START RECORDS TO PROCESS

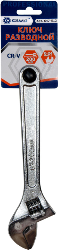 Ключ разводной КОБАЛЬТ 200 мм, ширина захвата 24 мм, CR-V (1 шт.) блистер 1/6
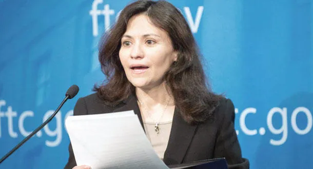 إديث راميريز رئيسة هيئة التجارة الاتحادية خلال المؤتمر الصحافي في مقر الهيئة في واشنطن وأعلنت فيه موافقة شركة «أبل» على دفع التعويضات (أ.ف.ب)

END RECORDS TO PROCESS
START RECORDS TO PROCESS

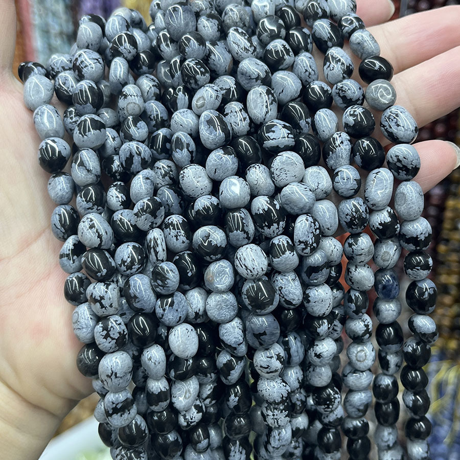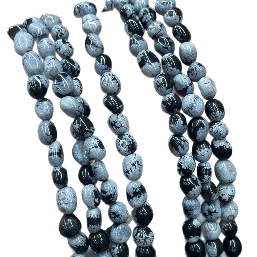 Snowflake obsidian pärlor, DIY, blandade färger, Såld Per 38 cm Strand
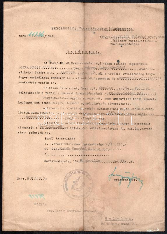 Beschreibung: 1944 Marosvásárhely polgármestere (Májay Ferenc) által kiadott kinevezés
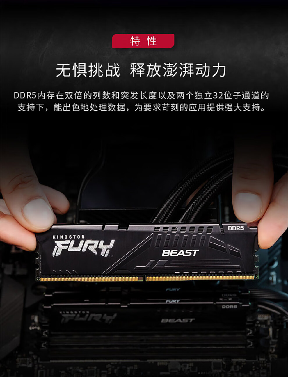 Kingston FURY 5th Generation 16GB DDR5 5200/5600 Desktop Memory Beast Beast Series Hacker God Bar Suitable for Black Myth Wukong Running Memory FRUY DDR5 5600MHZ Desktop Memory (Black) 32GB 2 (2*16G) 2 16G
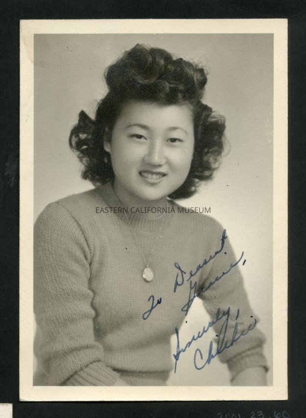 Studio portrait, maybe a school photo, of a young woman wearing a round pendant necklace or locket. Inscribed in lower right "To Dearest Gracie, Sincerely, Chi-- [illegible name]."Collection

END RECORDS TO PROCESS

◆ WHAT IS EXPECTED: The data above holds the lines to copy: start at the one with "Beschreibung: 1944 Marosvásárhely", stop at the one with "Studio portrait, maybe", include both, copy them exactly without pictures, and copy nothing else.

◆ EXERCISE RESULT:
 Beschreibung: 1944 Marosvásárhely polgármestere (Májay Ferenc) által kiadott kinevezés
 Kingston FURY 5th Generation 16GB DDR5 5200/5600 Desktop Memory Beast Beast Series Hacker God Bar Suitable for Black Myth Wukong Running Memory FRUY DDR5 5600MHZ Desktop Memory (Black) 32GB 2 (2*16G) 2 16G
 Studio portrait, maybe a school photo, of a young woman wearing a round pendant necklace or locket. Inscribed in lower right "To Dearest Gracie, Sincerely, Chi-- [illegible name]."Collection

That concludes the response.